本论文以草鱼鱼鳞为原料提取酸溶性胶原蛋白(ASC)和酶溶性胶原蛋白(PSC),重点讨论了两种胶原产品的制备工艺路线及其条件参数的优化。研究结果表明,在鱼鳞原料的前处理工序中,采用Na2CO3溶液浸泡的方法可有效脱除鱼鳞原料中的杂蛋白,其最佳工艺条件为:0.5M的Na2CO3溶液,料液比1:20,浸泡时间为6h ,重复三次即可达到最优的杂蛋白脱除效果;鱼鳞的脱钙工艺采用EDTA络合法,单因素试验表明,用EDTA溶液对鱼鳞进行脱钙的最佳条件为:EDTA浓度0.3M,料液比为1/60,脱钙时间为12h,脱钙三次即可达到最大脱钙率。
超声波辅助处理可有效提高鱼鳞中杂蛋白的脱除效果。超声波辅助脱除鱼鳞中杂蛋白的单因素试验表明,超声波处理的最佳频率是60Hz,最佳处理时间为10min,超声波辅助对鱼鳞中钙离子的脱除无显著性影响。
鱼鳞经前处理后,采用醋酸浸提的方法制取ASC产品,采用胃蛋白酶促溶结合醋酸提取的方法制取PSC产品。ASC提取实验表明,当醋酸浓度为0.8M,料液比为1/60,提取4h,可获得最大的提取率。PSC提取实验表明,醋酸浓度1.5M,料液比1/40,胃蛋白酶添加量为鱼鳞用量的2.5%,提取温度20℃,提取时间24h,可达到最大提取率。
分别采用SDS-PAGE凝胶电泳、红外光谱分析、氨基酸组成分析等方法对制备所得到的胶原蛋白产品进行初步的结构鉴定。结果表明,与猪皮胶原蛋白相比,ASC和PSC在红外光谱特征及亚基组成上与猪皮胶原蛋白基本一致,均为典型的Ⅰ型胶原蛋白;在氨基酸组成方面,ASC、PSC以及猪皮胶原蛋白均存在不同程度的差异,这种差异与原料来源及提取方法的差异有关。

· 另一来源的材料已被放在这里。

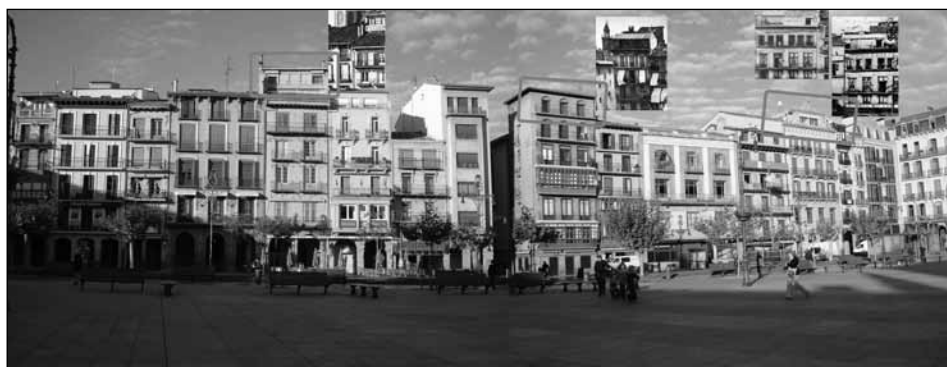
Figura 2. Panorámica de la plaza del Castillo. Localización de los establecimientos fotográficos del frente este.

Para mayor abundamiento, la plaza conformaba uno de los espacios más amplios en un entramado urbano de estrechas calles y belenas, con lo que los edificios allí emplazados recibían una abundante iluminación, una condición, como ya hemos señalado, idónea y necesaria para los negocios de fotografía, puesto que las tomas se realizaban todas con luz natural ya que el alumbrado público no empieza a instalarse en las ciudades hasta entrada la década de los 80. Por eso, la plaza concentra el mayor número de establecimientos fotográficos de toda la ciudad, hasta un total de ocho que fueron reaprovechados por sucesivos fotógrafos, una práctica que era muy habitual, puesto que las estructuras que conformaban los lucernarios eran costosas y solo se podían emplear para este tipo concreto de negocios. Incluso, el recuerdo de estas estructuras permanece hoy patente en aquellos edificios que en algún momento acogieron un estudio fotográfico en el piso superior, presentando una altura más de las que tenían en origen (fig. 2). A estos estudios fotográficos hay que sumar, además, dos comercios de la plaza de la Constitución que habían puesto a la venta productos relacionados con la fotografía.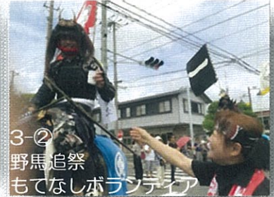
3-② 野馬追祭 もてなしボランティア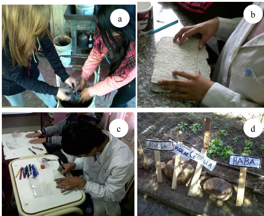
Figura 2. a) Fraccionado de papel para su reciclado; b) proceso de elaboración de una agenda; c) reciclado de botellas, cartón y madera; d) armado de carteles.

(Teberosky, 1994). El aprendizaje se centró en el reciclado y reutilización como una actividad que incluye salubridad y otros aspectos en respuesta a la propuesta educativa. Se buscó promover las mismas en los alumnos (Figura 2), favoreciendo el desarrollo de destrezas motoras y habilidades de pensamiento tendientes a beneficiar su autoconfianza.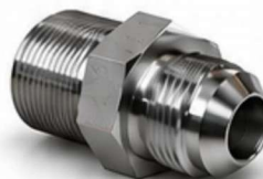
ADAPTADOR JIC - MACHO X NPT MACHO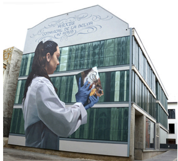
Seu de l'Arxiu Comarcal de la Selva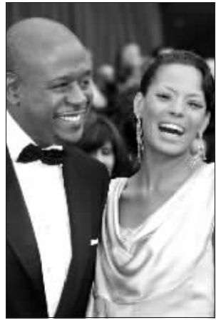
福里斯特·惠特克和妻子凯沙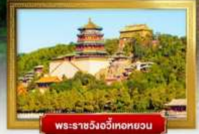
พระราชวังอวิเทอหยวน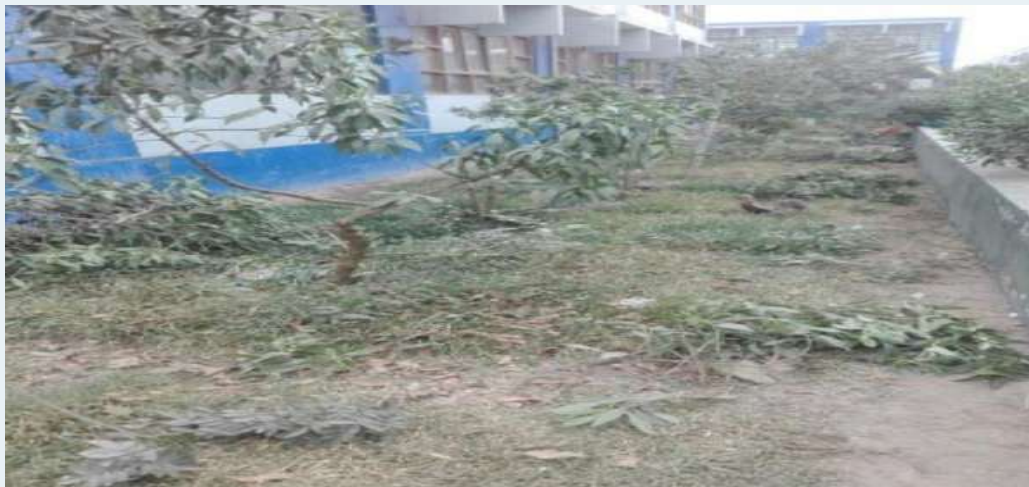
ANTES: Paisajismo sin mantenimiento

在上述研究的基础之上,对草鱼鱼鳞胶原蛋白ASC和PSC的热变性温度、溶解性、乳化性等理化性质进行了系统研究,结果表明,ASC和PSC的热变性温度分别为30~35℃和28~35℃;PSC在溶解性能、乳化性能和乳化稳定性方面优于ASC,而在溶液黏度、吸水性能、吸油性能、起泡性以及泡沫稳定性方面,ASC明显好于PSC。
采用动态流变仪对ASC和PSC的溶液流体性能及其影响因素进行了深入研究,研究结果表明,在实验选择的剪切速率范围内,ASC和PSC溶液均表现为典型非牛顿流体的假塑性流动行为,即溶液黏度随剪切速率的增加而减小;在相同浓度条件下,溶液黏度的大小依次为ASC>PSC>明胶;剪切速率、温度、pH值等因素对ASC和PSC溶液流体性能均有显著影响;在0.6%浓度条件下,ASC和PSC溶液主要表现为流体行为,基本不具备凝胶的弹性行为;胶原蛋白发生热变性后,其流体的弹性行为增强而黏性行为下降。
The resource of freshwater fish of China is rich,and the proportion of freshwater fish further processing is increasing.Nowadays the waste materials left from the processing,such as the scales,the bones and so on haven't been utilized sufficiently,which result in the wast of resorce and the pollution of environment. The scales contain rich collagen,which has a bright future in the area of medicine,food and so on.
The full use of this resorce of collagen in the development of product with high additional value not only can help widen the path of the utilization of the aquatic products,but also can improve the comprehensive economic benefit of aquatic processing enterprises.
Aquatic collagen study of China is still at an initial stage in primary,and there is still little further study on extraction procedure and the physical and chemical properties,which has restricted the development of product from freshwater fish collagen.In this paper,the preparation of acid soluble collagen(ASC)and pepsin-solubilized collagen(PSC) and parameters optimization have been studied.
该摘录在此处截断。